487 Max Consecutive Ones II

Given a binary array nums, return the maximum number of consecutive 1's in the array if you can flip at most one 0.

Example 1:

Input: nums = [1,0,1,1,0]
Output: 4
Explanation: 
- If we flip the first zero, nums becomes [1,1,1,1,0] and we have 4 consecutive ones.
- If we flip the second zero, nums becomes [1,0,1,1,1] and we have 3 consecutive ones.
The max number of consecutive ones is 4.

Example 2:

Input: nums = [1,0,1,1,0,1]
Output: 4
Explanation: 
- If we flip the first zero, nums becomes [1,1,1,1,0,1] and we have 4 consecutive ones.
- If we flip the second zero, nums becomes [1,0,1,1,1,1] and we have 4 consecutive ones.
The max number of consecutive ones is 4.

Constraints:

• 1 <= nums.length <= 105

• nums[i] is either 0 or 1.

Follow up: What if the input numbers come in one by one as an infinite stream? In other words, you can't store all numbers coming from the stream as it's too large to hold in memory. Could you solve it efficiently?
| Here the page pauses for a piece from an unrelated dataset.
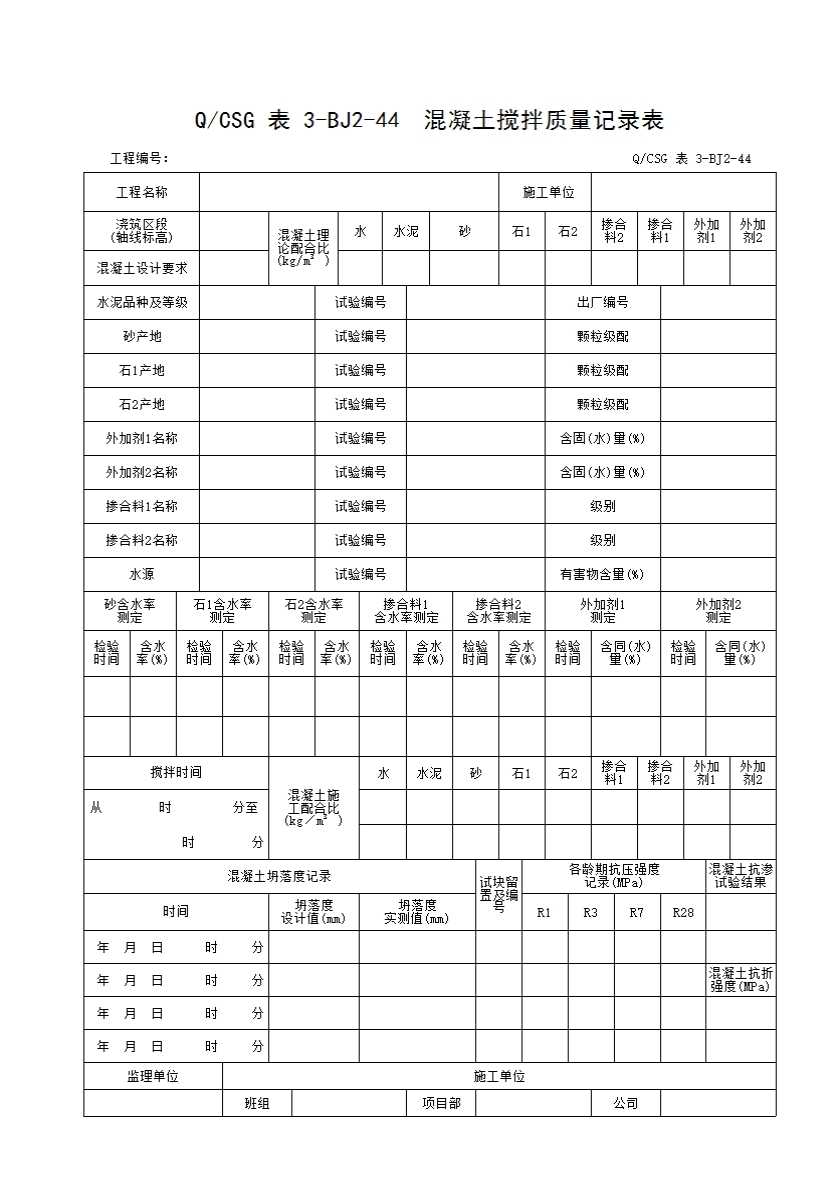 表格名称:QCSG 表 3-BJ2-44 混凝土搅拌质量记录表

这题是真的得slide了。做法是，用一个boolean标注flip过了没有，这最多可以flip一次，所以没flip过的，就继续cnt++，同时记录一下flip的位置。flip过了，就移动left指向下一位，同时计算max。最后出了循环还得算一次max，因为最后一个没算进去。right已经跳出了。T:O(n), S:O(1)
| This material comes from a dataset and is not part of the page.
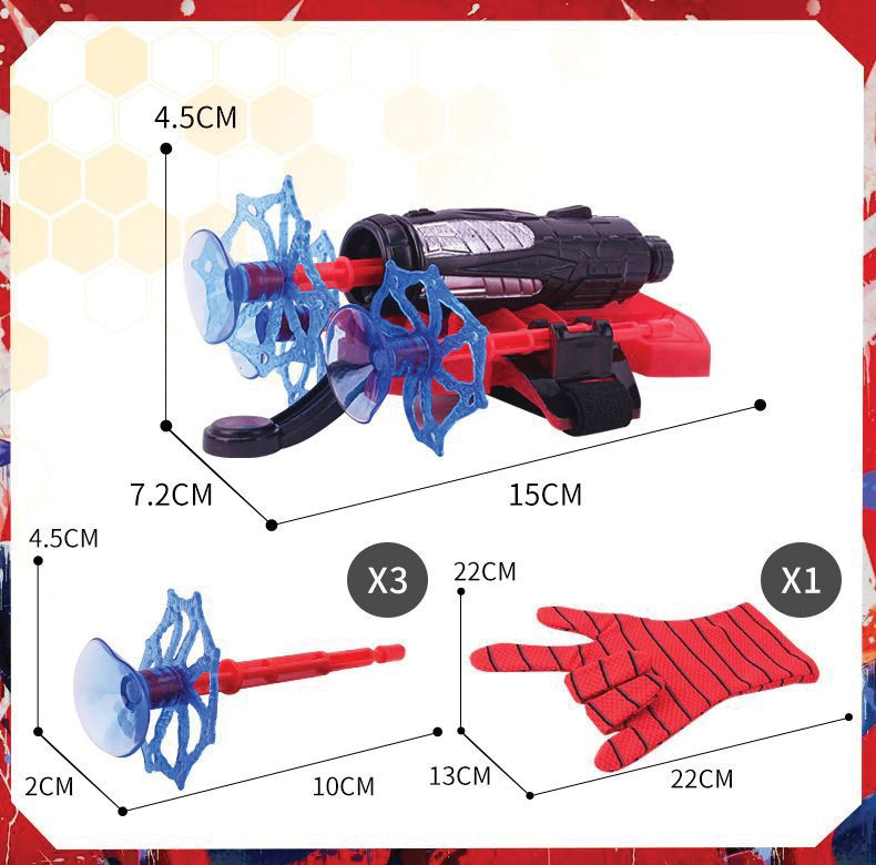 Változtassa gyermekét szuperhőssé! Gyermeke imádni fogja ezt a Mókember kesztyűt tapadókoronggal! Csak annyit kell tennie, hogy ráteszi a kesztyűt a kezére, a csuklóhoz köti az kilövőt, és betölti a nyilakat. Akkor a kicsi készen áll támadásra és minden ellenség megsemmisítésére!

public int findMaxConsecutiveOnes(int[] nums) {
    if (nums == null || nums.length == 0) {
        return 0;
    }

    int indFlipped = -1;
    int left = 0;
    int max = -1;        
    int cnt = 0;
    int right = 0;
    for (;right < nums.length; right++) {
        int cur = nums[right];
        if (cur == 1) {
            cnt++;
        } else {
            if (indFlipped == -1) {
                indFlipped = right;
                cnt++;
            } else {
                max = Math.max(max, right - left);
                left = indFlipped + 1;
                indFlipped = right;
            }
        }
    }

    max = Math.max(max, right - left);
    return max;
}